For the long term, baseball can be boring just like the market.  There’s 162 meaningful games in a season, each lasting three hours a sitting.  Don’t watch them all.  Take two minutes to read the box score in the daily news right after you take the same amount of time to see pork bellies reach their monthly high.  Do you think Dandy Donald Trump hangs out with his homies, Dirty Dow Jones and Nasty Nasdaq all day? No.  He’s too busy working on his weave, so he just has a beverage with them after the closing bell.

Martha Stewart and Barry Bonds or Mark McGwire :  You don’t see any resemblances?  They play their games dirtier than a Halloween Harlot competing in a bobbing for bananas contest.  Stewart’s insider trading scandal landed her, and her reputation, in prison for a delightful amount of canceled television time.  (Rather than prison time, it was more like merely being sent to the adult version of “Television Timeout”.)  Bond’s and McGuire’s lust for long balls, and even longer needles, placed the two of them, and their reputations, in baseball’s rendition of perdition.  The steroids injected into their behinds also left them with some parting gifts such as back acne and testicular shrinkage.  Martha Stewart’s purse just got a little smaller.  Thus, those who play the market or follow a baseball team must take caution when rooting for either to succeed.
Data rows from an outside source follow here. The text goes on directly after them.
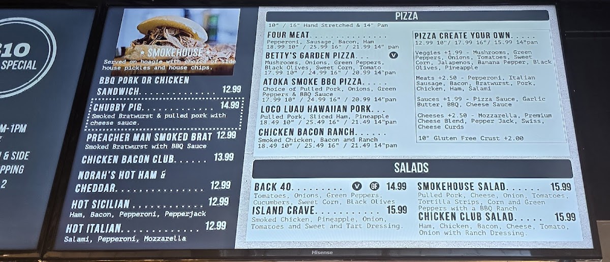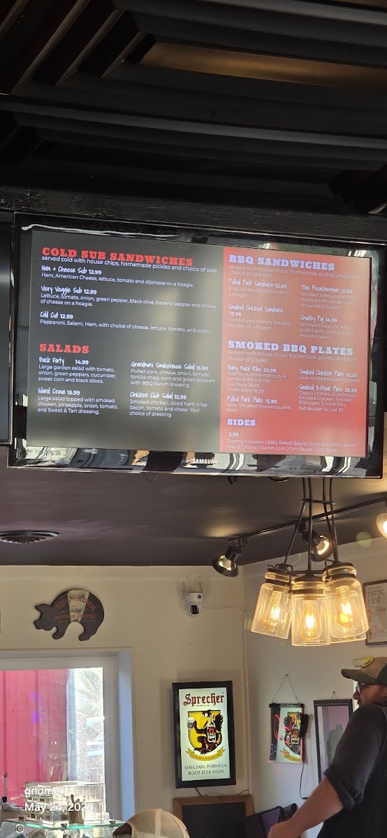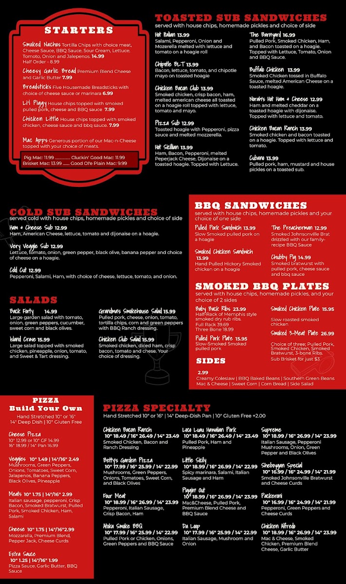 Papa B's Pizza & Barbecue offers a diverse and flavorful menu perfect for any craving. Start with their delicious Smoked Nachos or Cheesy Garlic Bread, both perfect for sharing. Their toasted sub sandwiches, including the Chipotle BLT and Chicken Bacon Club, are packed with flavor, while cold subs like the Ham & Cheese Sub offer a refreshing alternative. For salad lovers, options such as the Back Forty and Island Crave provide a fresh and hearty choice. The BBQ sandwiches, including the savory Pulled Pork Sandwich and Smoked Chicken Sandwich, are a hit, while the Chubby Pig is a standout for those looking for something extra special. If you're in the mood for a full plate, their Baby Back Ribs or the Smoked 3-Meat Plate will satisfy your appetite. For pizza enthusiasts, the Chicken Bacon Ranch and Betty’s Garden Pizza offer deliciously unique options, while the Supreme pizza is a classic favorite. Sides like Creamy Coleslaw and Southern Green Beans perfectly complement the smoky flavors of the BBQ, and drinks from Jolly Good Soda and Leinenkugels add a refreshing touch to the meal. With their variety of smoked meats, sandwiches, and hearty sides, Papa B's provides a fulfilling and flavorful dining experience for all.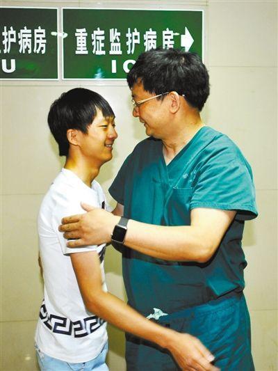 The 19-year-old Gu Qiao (L) huging the doctor.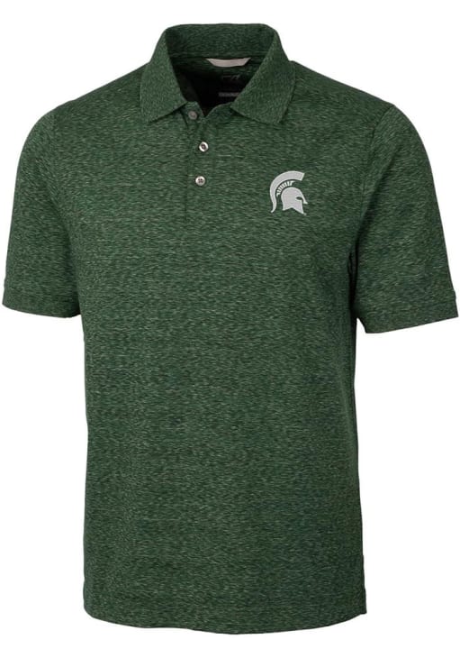 Mens Michigan State Spartans Green Cutter and Buck Advantage Space Dye Short Sleeve Polo Shirt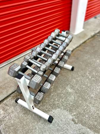 All dumbells are available and everything is in good condition. No issues pairs are listed below.:- 5-10-12-15-20-25-30-35-40lbs $375 Rack for dumbells $50 $425 firm with rack .

Whether you play the stock market or religiously follow the game of baseball, in both, there will be ups and downs, hots and colds, rushes and depressions, prison times and puckered constitutions.  But, if you gamble on one and merely try to enjoy the other, prepare yourself for an emotional conclusion.

My team didn’t make it to the playoffs this year.  In fact, since the time I started investing in this team, (about forty years) they haven’t won, nor made it to The World Series.   This is not as depressing as it may appear on paper, your television set, laptop, I-Phone, I-Pad, or I-Didn’tWin App.  At the end of the baseball season, however, even when your team takes a vacation until next Spring, you can enjoy the playoffs without your nerves being rattled.  You can watch from an outsider’s perspective and witness the home town fans cheering their team to a victory, and for three hours, enjoy the possibility that their team might win.  It provides hope for your next season.  You want to be next to them in the bleachers.

The Stock Market breeds imminent danger and the possibility of severe consequences.   Much like Vegas, the odds are against you.  Baseball breeds hope.  Remember, there’s always another season in baseball.

 

 

 

 

Jeter’s Choice

With Derek Jeter’s spiritual passing from the New York Yankees, he will be resurrected in Boston’s Fenway Park on Saturday to play the Red Sox but refuses to play his once chosen position of shortstop out respect for his twenty year spot at sacred Yankee Stadium.  Instead, he has chosen to be their pitcher.  With his moxy and flavor for the dramatic, he will probably throw a no hitter.

I’ve never liked the Yankees, but in the world of baseball, and the way it’s meant to be played, you couldn’t help but like and respect him.  He did it the right way.